### Information provided

--- --- ---

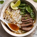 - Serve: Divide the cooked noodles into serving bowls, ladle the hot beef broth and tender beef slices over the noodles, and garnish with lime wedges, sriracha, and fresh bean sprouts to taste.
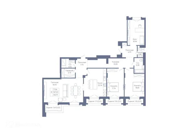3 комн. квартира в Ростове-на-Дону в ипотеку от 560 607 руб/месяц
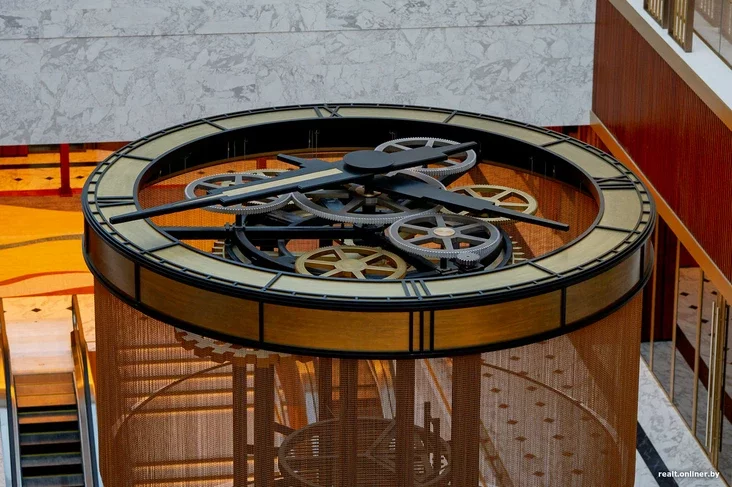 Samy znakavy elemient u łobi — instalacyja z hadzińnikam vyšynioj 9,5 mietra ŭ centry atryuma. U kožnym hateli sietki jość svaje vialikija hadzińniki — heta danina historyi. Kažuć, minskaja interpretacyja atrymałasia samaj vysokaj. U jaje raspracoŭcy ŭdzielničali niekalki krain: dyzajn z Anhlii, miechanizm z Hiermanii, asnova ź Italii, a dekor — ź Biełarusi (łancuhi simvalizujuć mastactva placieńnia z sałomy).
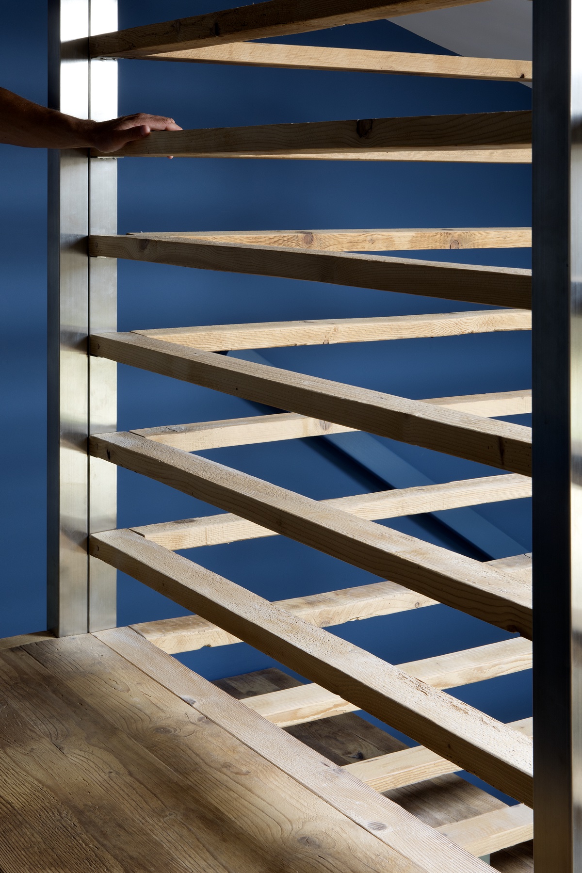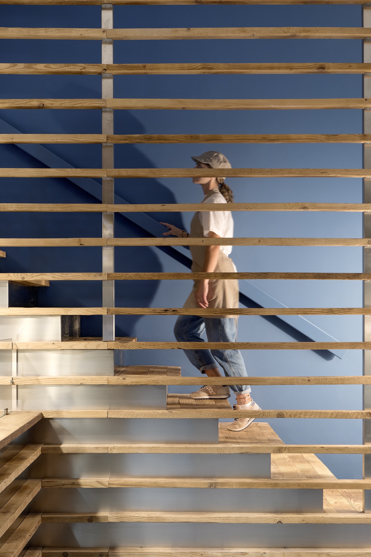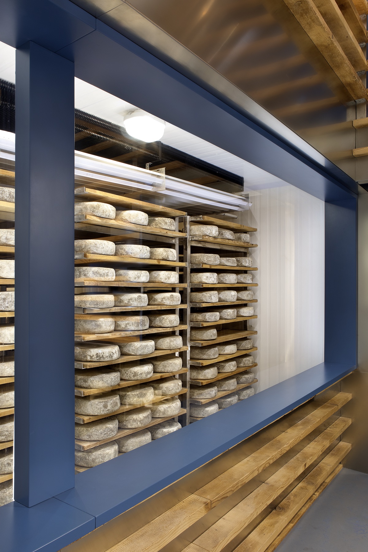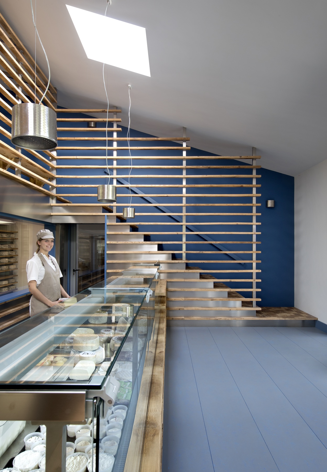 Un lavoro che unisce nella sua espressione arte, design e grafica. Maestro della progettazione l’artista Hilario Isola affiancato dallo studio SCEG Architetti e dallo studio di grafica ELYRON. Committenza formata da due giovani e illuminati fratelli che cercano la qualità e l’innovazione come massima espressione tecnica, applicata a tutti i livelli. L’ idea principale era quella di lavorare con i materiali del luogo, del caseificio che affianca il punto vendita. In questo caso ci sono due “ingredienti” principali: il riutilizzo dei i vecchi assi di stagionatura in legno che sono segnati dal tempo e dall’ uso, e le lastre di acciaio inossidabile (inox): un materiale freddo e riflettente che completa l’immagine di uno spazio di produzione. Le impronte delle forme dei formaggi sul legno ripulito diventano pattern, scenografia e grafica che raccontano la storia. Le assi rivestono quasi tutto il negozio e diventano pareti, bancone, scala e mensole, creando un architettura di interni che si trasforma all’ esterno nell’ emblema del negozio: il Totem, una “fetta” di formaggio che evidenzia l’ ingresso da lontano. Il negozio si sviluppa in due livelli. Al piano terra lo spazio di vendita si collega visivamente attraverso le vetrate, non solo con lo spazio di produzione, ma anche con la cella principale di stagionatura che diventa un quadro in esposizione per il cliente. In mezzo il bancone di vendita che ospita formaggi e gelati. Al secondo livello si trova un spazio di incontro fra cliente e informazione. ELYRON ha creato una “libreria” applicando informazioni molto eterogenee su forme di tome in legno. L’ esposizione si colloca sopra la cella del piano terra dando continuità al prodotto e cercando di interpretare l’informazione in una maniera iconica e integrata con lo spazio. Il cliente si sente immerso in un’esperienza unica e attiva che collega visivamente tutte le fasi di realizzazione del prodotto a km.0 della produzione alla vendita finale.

--- --- ---

### Work order
Your answer is the exact run of lines above from the one with "3 комн. квартира" through the one with "Samy znakavy elemient", both ends included, minus any picture.

### Response to this exercise
3 комн. квартира в Ростове-на-Дону в ипотеку от 560 607 руб/месяц
 Samy znakavy elemient u łobi — instalacyja z hadzińnikam vyšynioj 9,5 mietra ŭ centry atryuma. U kožnym hateli sietki jość svaje vialikija hadzińniki — heta danina historyi. Kažuć, minskaja interpretacyja atrymałasia samaj vysokaj. U jaje raspracoŭcy ŭdzielničali niekalki krain: dyzajn z Anhlii, miechanizm z Hiermanii, asnova ź Italii, a dekor — ź Biełarusi (łancuhi simvalizujuć mastactva placieńnia z sałomy).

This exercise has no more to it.